▶ Aim of the task
Exactly as written, copy every line from the one containing "2025/09/30の待ち時間グラフ (ゴーカート シングルサーキットコース)" through the end of the records, with the pictures left out.

Items from a dataset:
⟨

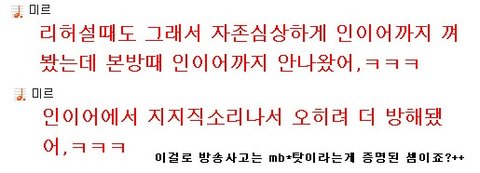 본방때 대비로 인이어를꼇는데 그것마저도 지지직거려 더불편했다고 하더군요
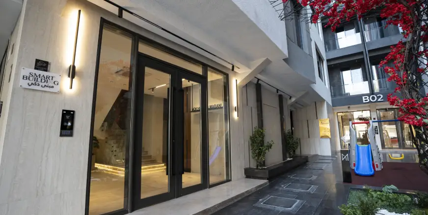 - المداخل: مكيفة وعصرية تتمتع بدخول ذكي للعمارة
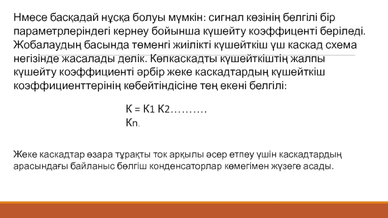 Жеке каскадтар өзара тұрақты ток арқылы әсер етпеу үшін каскадтардың арасындағы байланыс бөлгіш конденсаторлар көмегімен жүзеге асады.
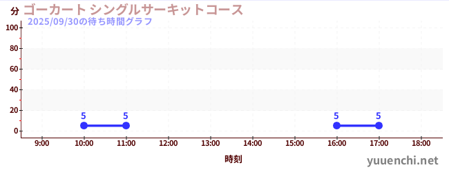 2025/09/30の待ち時間グラフ (ゴーカート シングルサーキットコース)
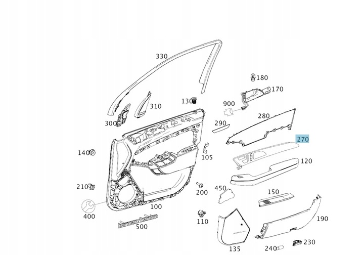 ORYGINALNA WEWNĘTRZNA LISTWA OZDOBNA DRZWI PASAŻERA MERCEDES W166
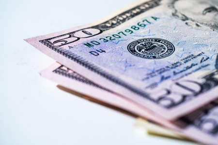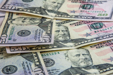 Fifty dollars banknote, isolated on black background, place for inscription. 2019
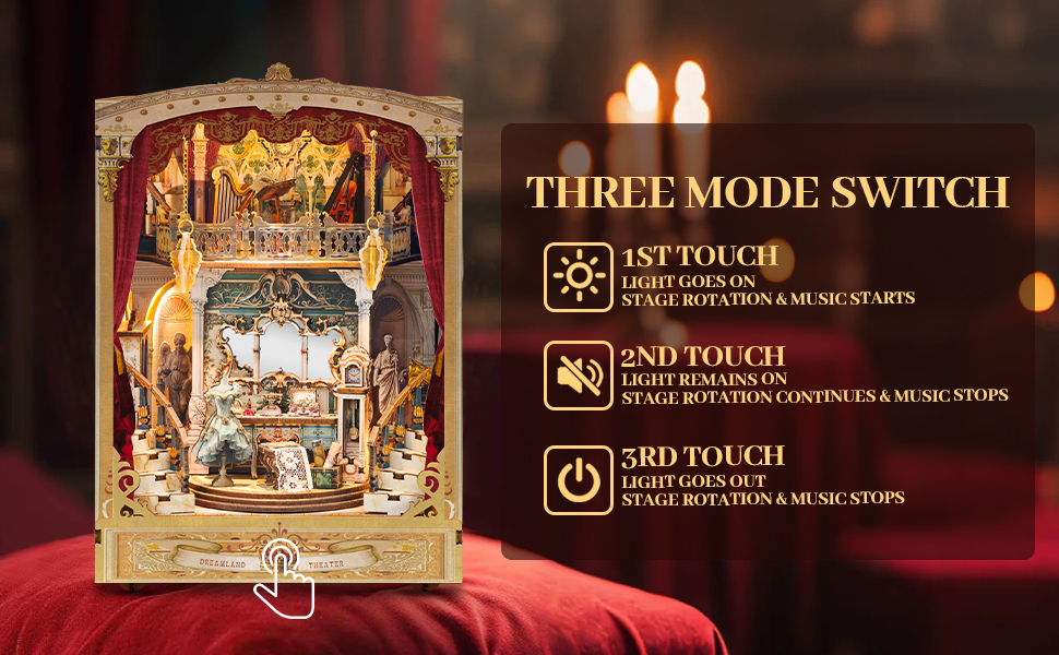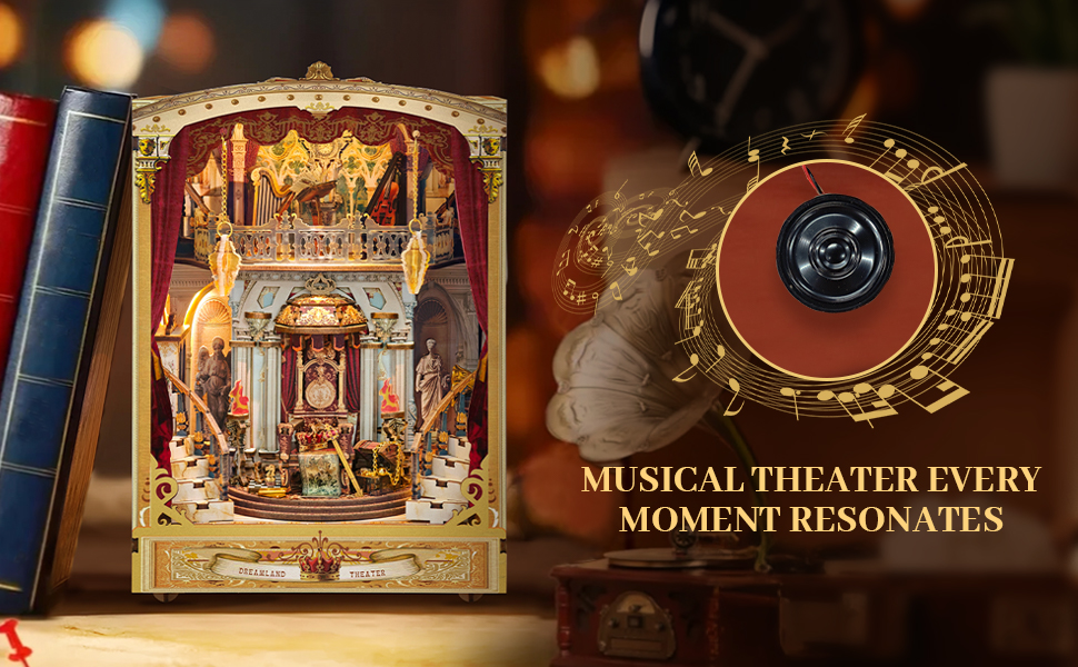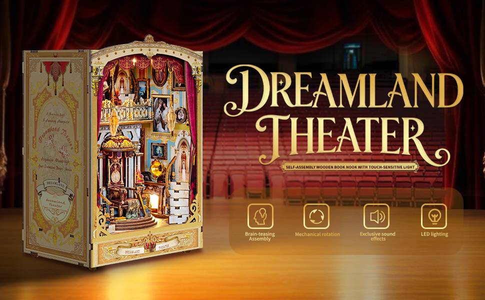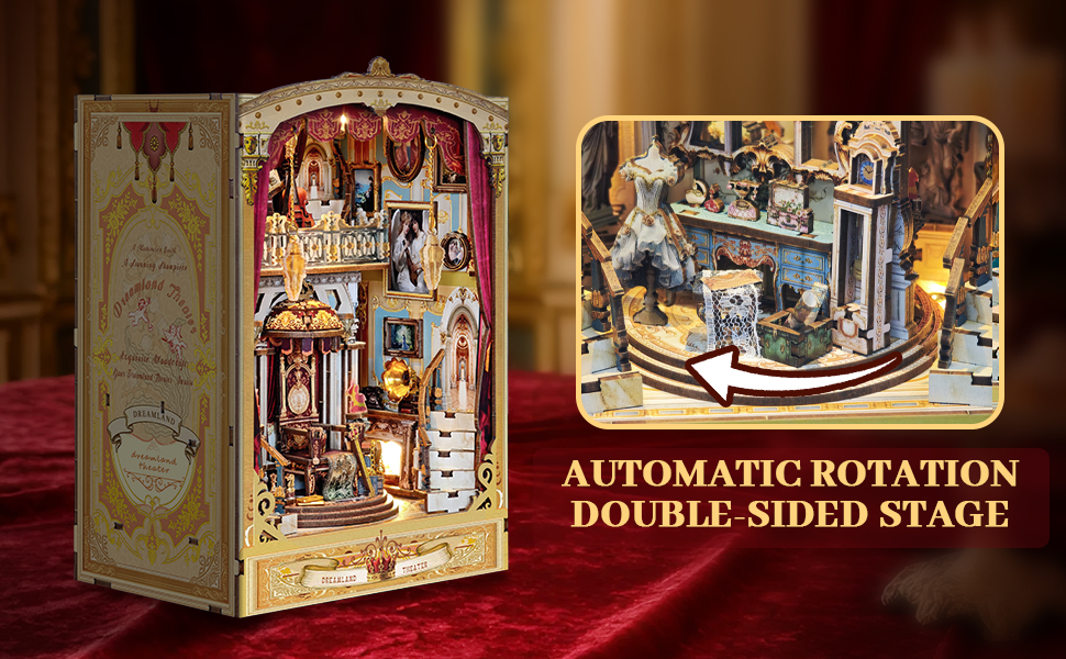 The Dreamland Theater DIY Book Nook Kit is an enchanting miniature stage set inspired by classic opera-house grandeur, featuring ornate interiors, golden décor, and beautifully detailed performance scenes. For to this premium kit includes a three-mode switch that lets you choose between warm ambient lighting, dynamic stage lighting, or fully animated showcase mode. Its standout feature is the automatic rotation double-sided stage, which smoothly turns to reveal two completely different theatrical scenes—doubling the storytelling charm within the same nook.
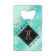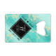 Commémorez le 11ème anniversaire du mariage turquoise avec cet ouvre-bouteille élégant ! Un élégant lettrage noir et blanc sur marbre jaune et bleu verdâtre arrière - plan ajoute une touche mémorable pour cette occasion spéciale et jalon. Personnalisez avec les noms du couple et les années de mariage. Design © W.H. Sim, Tous droits réservés. Voir plus sur zazzle.com/expressionsoccasions

⟩

▶ Written response
 2025/09/30の待ち時間グラフ (ゴーカート シングルサーキットコース)
 ORYGINALNA WEWNĘTRZNA LISTWA OZDOBNA DRZWI PASAŻERA MERCEDES W166
 Fifty dollars banknote, isolated on black background, place for inscription. 2019
 The Dreamland Theater DIY Book Nook Kit is an enchanting miniature stage set inspired by classic opera-house grandeur, featuring ornate interiors, golden décor, and beautifully detailed performance scenes. For to this premium kit includes a three-mode switch that lets you choose between warm ambient lighting, dynamic stage lighting, or fully animated showcase mode. Its standout feature is the automatic rotation double-sided stage, which smoothly turns to reveal two completely different theatrical scenes—doubling the storytelling charm within the same nook.
 Commémorez le 11ème anniversaire du mariage turquoise avec cet ouvre-bouteille élégant ! Un élégant lettrage noir et blanc sur marbre jaune et bleu verdâtre arrière - plan ajoute une touche mémorable pour cette occasion spéciale et jalon. Personnalisez avec les noms du couple et les années de mariage. Design © W.H. Sim, Tous droits réservés. Voir plus sur zazzle.com/expressionsoccasions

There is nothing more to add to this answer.